- Born: Shivpujan Rai 1 March 1913 Sherpur, Ghazipur, United Provinces of Agra and Oudh, British India
- Died: 18 August 1942 (aged 29) Mohammadabad, Ghazipur, United Provinces, British India
- Other names: Doctor Sahib
- Occupation: Independence activist
- Organization: Indian National Congress
- Known for: Indian independence movement

= Shivpujan Rai =

Indian independence activist (1913–1942)

Dr. Shivpujan Rai (1 March 1913 – 18 August 1942) was an Indian independence activist. During the 1942 Quit India Movement, under Rai's leadership, a group of independence fighters hoisted the tricolor flag of India at Mohammadabad Tehsil. In doing so, Shivpujan Rai, Rishishewar Rai, Vans Narayan Rai, Ram Badan Upadhyay, Raj Narayan Rai, Narayan Rai, Vashishtha Narain Rai and Bans Narain Rai sacrificed their life for India's independence on 18 August 1942. All of them are known as the Ashta Shaheed (Eight Martyrs) of Sherpur.

==Biography==
Shivpujan Rai was born in a Bhumihar family on 1 March 1913 in Sherpur, Ghazipur. He was elected as General Secretary of the District Congress Committee in 1942.

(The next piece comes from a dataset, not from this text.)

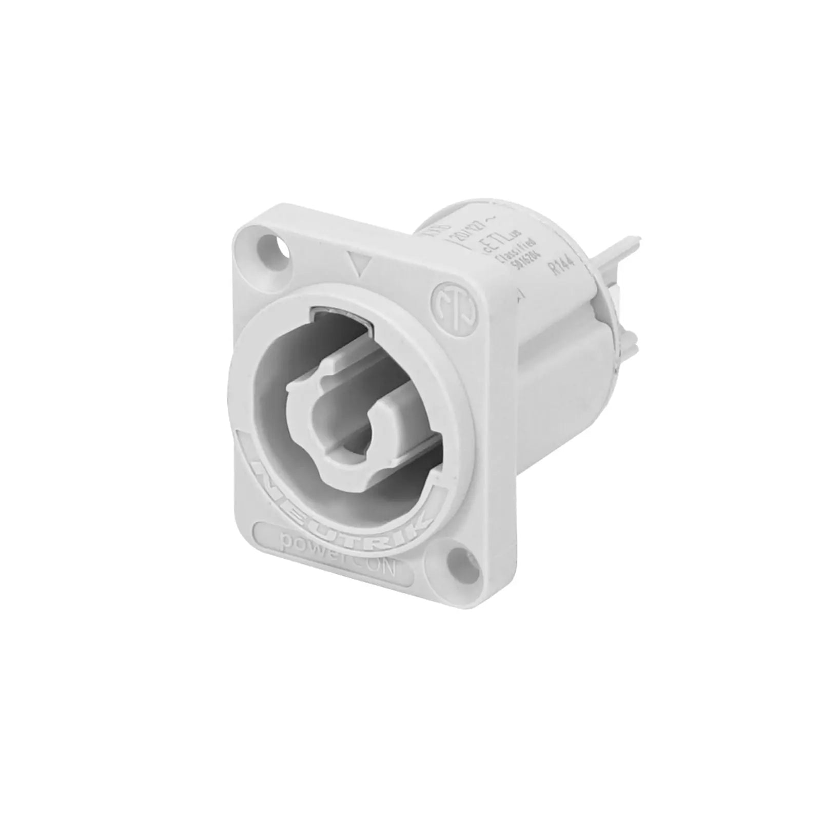 Chassis connector power-out 3/16" flat tab terminals grey.The powerCON is a locking 3 conductor equipment AC connector with contacts for line neutral and pre-mating ground contact. It replaces appliance couplers wherever a very rugged solution in combination with a locking device is needed in order to guarantee a safe power connection. Attention: The powerCON is a connector without breaking capacity i.e. the powerCON should not be connected or disconnected under load or live! Locking 20A / 250V AC appliance coupler 3 contacts for line neutral and premating safety ground Power-in (blue) and power-out (grey) versions with different keying to avoid the possibility of intermating Fast and easy twist lock latching system Extremely robust and reliable Ergonomic design User friendly latch design for easy handling Unique Neutrik chuck type strain relief UL cUL recognized components VDE certified SEV approved Branded with unique hologram - guarantees genuine and authentic Neutrik product

==Martyrdom at Mohammadabad==
During the Quit India movement, Rai led a group of young independence activists to the tehsil headquarters at Mohammadabad and tried to hoist the tricolour at the tehsil building. He was warned by armed British officers, but Rai moved forward with the tricolour in his hand. Tehsildar fired on Rai with his service revolver. After receiving five bullets in the chest, Rai died at the age of 29.